变化之后的内容如下(与size[1]=2变化类似)

data = 
tensor([[[[0.5615, 0.1774, 0.8147],
          [0.3295, 0.2319, 0.7832],
          [0.8544, 0.1012, 0.1877],
          [0.9310, 0.0899, 0.3156]],

         [[0.8544, 0.1012, 0.1877],
          [0.9310, 0.0899, 0.3156],
          [0.9423, 0.2536, 0.7388],
          [0.5404, 0.4356, 0.4430]],

         [[0.9423, 0.2536, 0.7388],
          [0.5404, 0.4356, 0.4430],
          [0.6257, 0.0379, 0.7130],
          [0.3229, 0.9631, 0.2284]],

         [[0.6257, 0.0379, 0.7130],
          [0.3229, 0.9631, 0.2284],
          [0.4489, 0.2113, 0.6839],
          [0.7478, 0.4627, 0.7742]],

         [[0.4489, 0.2113, 0.6839],
          [0.7478, 0.4627, 0.7742],
          [0.3861, 0.0727, 0.8736],
          [0.3510, 0.3279, 0.3254]]]])

attention之中attention_scores的形状变化

这里

attentions = torch.matmul(query,key.transpose(-1,-2))

得到的

attentions = (24,5,512,512)
(传入的key = (24,5,512,512),value=(24,5,512,512))

接下来padding在最后一层铺满数值0

attention_scores = nn.functional.pad(
	attention_scores,(0,0,0,1)
)

得到attention_scores = (24,5,513,512)
然后调用view函数

attention_scores = attention_scores.view(*attention_sccores.size()[:-2],attention_scores.size(-1),attention_scores.size(-2))
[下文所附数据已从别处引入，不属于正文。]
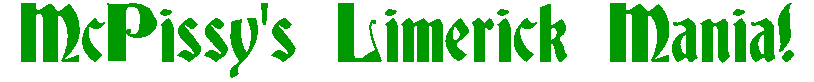 He's rumored to have also blinded hundreds of pirates & beloved cartoon character Popeye. As you can see, his methods have grown more elaborate throughout the years. He's shown up a number of times at the doorstep of P.I. Headquarters, and so far, we've been able to keep our eyesight intact, thanks to titanium steel doors, and our thick coke-bottle glasses. Now, we here at P.I. are proud to announce that we have struck a deal with the hateful lil' bastid! In exchange for this page (and a case of Guiness to sweeten the deal), he's agreed to limit his attacks on us to only 5 per year, and to call us on his cel phone just before he strikes again, so that we may listen in & laugh our asses off at the anguished screams of the next poor slob that falls victim to his wrath. So without further ado, behold the eye popping mirth that could only be... Ye Limericks O' McPissy!

这里原先每一层最后由(24,5,513,512)->(24,5,512,513),每一层最后的原先铺了512个零,(共铺了24*5个,跟513没有关系,513是多了一列),现在变换完形状之后仍然铺了512个零,所以每一个最后一列多了一个非零的数,最后是512个零
接下来代码

diagonal_attention_scores = attention_scores.new_empty(
    (batch_size*num_attention_heads,seq_len//one_sided_attn_window_size,one_sided_attn_window_size,one_sided_attn_window_size*2+1)
)

这里我们的输入的inputs = (2,1025),所以batch_size = 2,num_attention_heads = 12,seq_len = 1024+512(超出不够512补齐512) = 1536,one_sided_attn_window_size = 256,seq_len//one_sided_attn_window_size = 1536//256 = 6。
接下来进入diagonal_attention_scores环节:

diagonal_attention_scores内容讲解

1.第一次diagonal_attention_scores

diagonal_attention_scores[0:batch_size*num_attention_heads,0:seq_len//one_sided_attn_window_size-1,\
                          0:one_sided_attn_window_size,one_sided_attn_window_size:one_sided_attn_window_size*2+1] = \
attention_scores[0:batch_size*num_attention_heads,0:seq_len//one_sided_attn_window_size-1,0:one_sided_attn_window_size,0:one_sided_attn_window_size+1]
diagonal_attention_scores[0:2*12,0:1536//256-1,0:256,256:256*2+1] = attention_scores[0:2*12,0:1536//256-1,0:256,0:256+1]

diagonal_attention_scores[0:24,0:5,0:256,256:513] = attention_scores[0:24,0:5,0:256,0:257]

对应的转换图片
转化图片1注意是下面的attention_scores矩阵赋值给上面的diagonal_attention_scores矩阵

注意给定的区间是左闭右开的

2.第二波diagonal_attention_scores

diagonal_attention_scores[0:batch_size*num_attention_heads,-1,0:one_sided_attn_window_size,one_sided_attn_window_size:one_sided_attn_window_size*2+1] = \
attention_scores[0:batch_size*num_attention_heads,-1,one_sided_attn_window_size:one_sided_attn_window_size*2,0:one_sided_attn_window_size+1]
diagonal_attention_scores[0:2*12,-1,0:256,256:256*2+1] = attention_scores[0:2*12,-1,256:256*2,0:256+1]

diagonal_attention_scores[0:24,-1,0:256,256:513] = attention_scores[0:24,-1,256:512,0:257]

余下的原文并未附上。